Before the first class contributes any observations, the cumulative frequency is 0, and this point is plotted at the lower class boundary of the first class. (Standard SSCE/UTME mathematics — plotting an ogive (JAMB Syllabus Section V(2)))
18. To estimate the median of grouped data with total frequency N from an ogive, a student should?
The median corresponds to the middle position of the data, so one locates N/2 on the cumulative frequency axis and reads the corresponding value on the horizontal axis. (JAMB UTME Mathematics Syllabus, Section V(2) — 'use ogive to find the median, quartiles and percentiles')
19. Using an ogive for data with total frequency N, the lower quartile (Q1) is estimated by locating which cumulative frequency on the vertical axis?
The lower quartile Q1 marks the point below which a quarter of the observations lie, so it is read off at a cumulative frequency of N/4 on the ogive. (JAMB UTME Mathematics Syllabus, Section V(2) — use of ogive to find quartiles)
20. Using an ogive, the upper quartile (Q3) of a distribution of total frequency N is read off at a cumulative frequency of?
The upper quartile Q3 is the value below which three-quarters of the data lie, so it corresponds to a cumulative frequency of 3N/4 on the ogive. (JAMB UTME Mathematics Syllabus, Section V(2) — use of ogive to find quartiles)
21. From an ogive drawn for 80 students' scores, the value corresponding to a cumulative frequency of 20 is 22 marks, and the value corresponding to a cumulative frequency of 60 is 38 marks. What is the interquartile range of the distribution?
Since N/4 = 20 gives Q1 = 22 and 3N/4 = 60 gives Q3 = 38, the interquartile range Q3 − Q1 = 38 − 22 = 16. (Standard SSCE/UTME mathematics — interquartile range from an ogive (JAMB Syllabus Section V(2)-(3)))
22. From an ogive drawn for the heights of 120 plants, the value at a cumulative frequency of 30 is 15 cm and the value at a cumulative frequency of 90 is 27 cm. Calculate the semi-interquartile range of the distribution.

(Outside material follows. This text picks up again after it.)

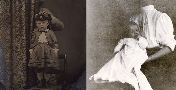 Второй самый популярный способ — детей держали на руках их собственные матери, которых пытались сделать максимально незаметными на фото: накрывали коврами, тряпками, одеялами, чтобы дамы сливались по цвету с фоном. Женщин прятали за ширмой, бывало — вырезали из кадра (тогда на фото оставались лишь висящие в воздухе жутковатые бестелесные руки, держащие ребенка). Иногда лица матерей, которых не удалось накрыть фоном полностью, запечатывались или выцарапывались при печати, и оказывалось, что вместо головы у них — черная дыра. Некоторые мамы прятались под софой и высовывали руки оттуда, кто-то закрывался волосами, как шторой, другие ловко маскировали верхнюю часть тела, но забывали про ноги. Выходило не всегда удачно, но почти всегда смешно и очень странно.
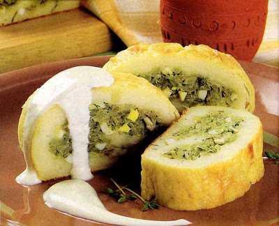 - Картопляну масу викладіть на харчову плівку шаром в 2 см у формі прямокутника. На його середину викладіть начинку та поверніть рулет, поступово видаляючи плівку.

Q1 = 15 cm (at N/4 = 30) and Q3 = 27 cm (at 3N/4 = 90); semi-interquartile range = (Q3 − Q1) ÷ 2 = (27 − 15) ÷ 2 = 6 cm. (Standard SSCE/UTME mathematics — semi-interquartile range from an ogive (JAMB Syllabus Section V(2)-(3)))
23. An ogive is drawn for the ages of 200 applicants. To estimate the 70th percentile of the distribution from the ogive, which cumulative frequency should be located on the vertical axis?
The kth percentile is located at a cumulative frequency of (k/100) × N; for k = 70 and N = 200, this is (70/100) × 200 = 140. (JAMB UTME Mathematics Syllabus, Section V(2) — use of ogive to find percentiles)
24. In the JAMB UTME Mathematics syllabus, interpreting bar charts, pie charts and histograms is a required skill under which sub-topic of Statistics?
Section V(1) of the syllabus, 'Representation of data', requires candidates to interpret frequency tables, histograms, bar charts and pie charts. (JAMB UTME Mathematics Syllabus, Section V(1): Representation of data)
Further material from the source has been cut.